Kendi kendini eğlendirebilen bir bebek Bambina :) Hiç ummadığımız eşyalarla dakikalarca oynayabiliyor hem de gülerek, kahkahalar atarak falan :) Sıkıldı artık dediğim anda türlü oyunlar buluyor, karşısındakini de dahil ediyor, hepimizi mest ediyor bu halleriyle :)

Devamlı gülüyor, gülümsüyor. Çok canayakın. Bazen öylesine gelip kedi yavrusu gibi sürtünüyor bize ya da gelip kafasını kucağımıza atıveriyor.

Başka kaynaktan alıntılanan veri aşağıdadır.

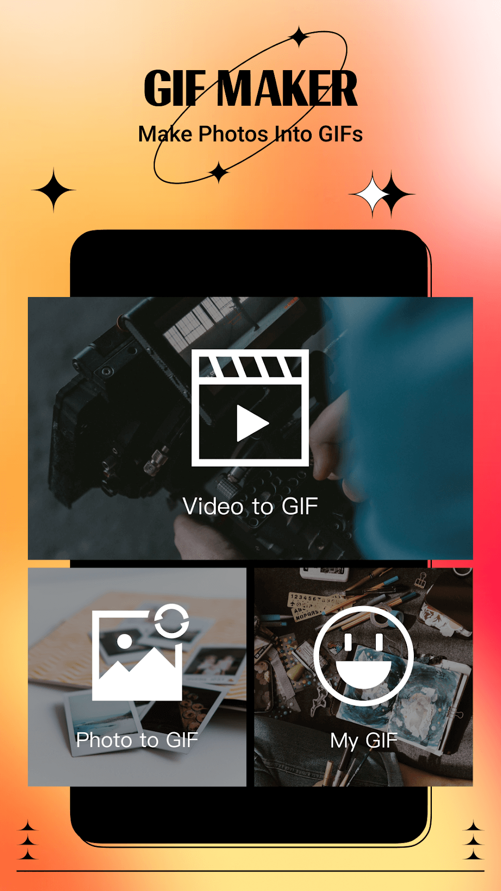 Además, la aplicación también te ofrece muchas otras funciones de edición de fotos. Los usuarios pueden cambiar sus rostros para disfrazarse de muchos personajes diferentes con sus personalidades. Los usuarios pueden cambiar la imagen mediante el toque de un botón para hacer el proceso de cambio mucho más rápido y fácil. También se te permite convertir libremente imágenes de video en imágenes GIF muy vívidas y atractivas. Gracias a los efectos, tus fotos se vuelven más llamativas y atractivas. Los usuarios disfrutan de la diversión de cambiar rostros y predecir su apariencia. Una interfaz única con muchas funciones nuevas de transformación de imágenes ha creado un espacio de edición de imágenes muy interesante para los usuarios. Fácil de usar y adecuada para todas las edades, la aplicación atrae a más y más nuevos usuarios.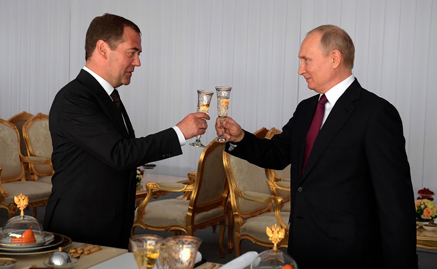 Dmitri Medvedev și Vladimir Putin. FOTO: RIA Novosti / WillWest News / Profimedia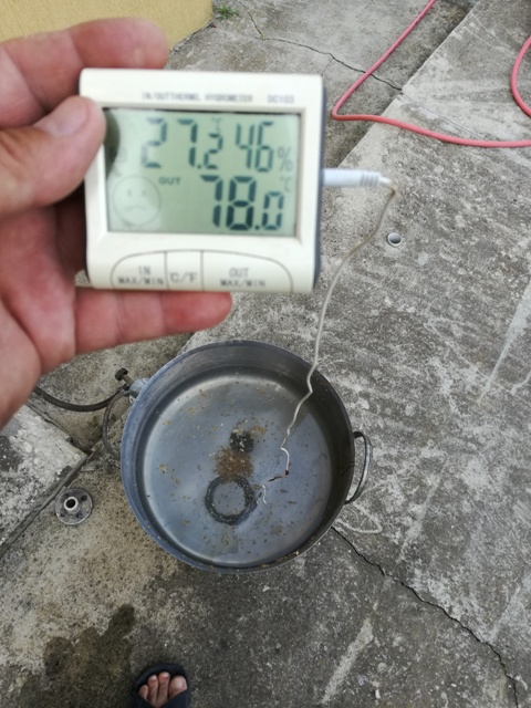 Изчаках 10 мин и направих дозагряване до 78 гр, като върнах майша в хладилната чанта и започнах промивката с 8 литра на 78 градуса вода.

Kız çocuğu farkı mı yoksa Bambina farkı mı bilemiyorum ama pek hoş anlar o anlar :) Alıp içime sokasım geliyor!

Uykusu gelince başını omzuma yavaşça koyuyor ya, o bebek kokusunu içime çekiyorum ya, benden mutlusu olmuyor öyle zamanlarda!

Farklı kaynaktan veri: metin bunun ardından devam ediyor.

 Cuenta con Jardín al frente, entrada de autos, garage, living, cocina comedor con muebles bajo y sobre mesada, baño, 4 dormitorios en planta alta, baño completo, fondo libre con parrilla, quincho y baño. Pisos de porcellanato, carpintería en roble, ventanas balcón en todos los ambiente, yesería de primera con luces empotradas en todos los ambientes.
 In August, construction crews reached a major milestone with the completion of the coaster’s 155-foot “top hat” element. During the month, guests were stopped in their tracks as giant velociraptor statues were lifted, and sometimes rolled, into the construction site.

Bir de bebeklerin "Dünya yıkılsa umrumda değil, şu anda keşfetmekle meşgulüm" tavırları oluyor ya hani, o zamanlara şahit olmak da çok hoşuma gidiyor benim :) Defalarca aynı şeyi yapmaları, her bir ayrıntıya ilgi gösterip incelemeleri müthiş bir enerji çıkarıyor ortaya. O andan nasiplenmek şükür sebeplerimden biri oluyor gün içinde.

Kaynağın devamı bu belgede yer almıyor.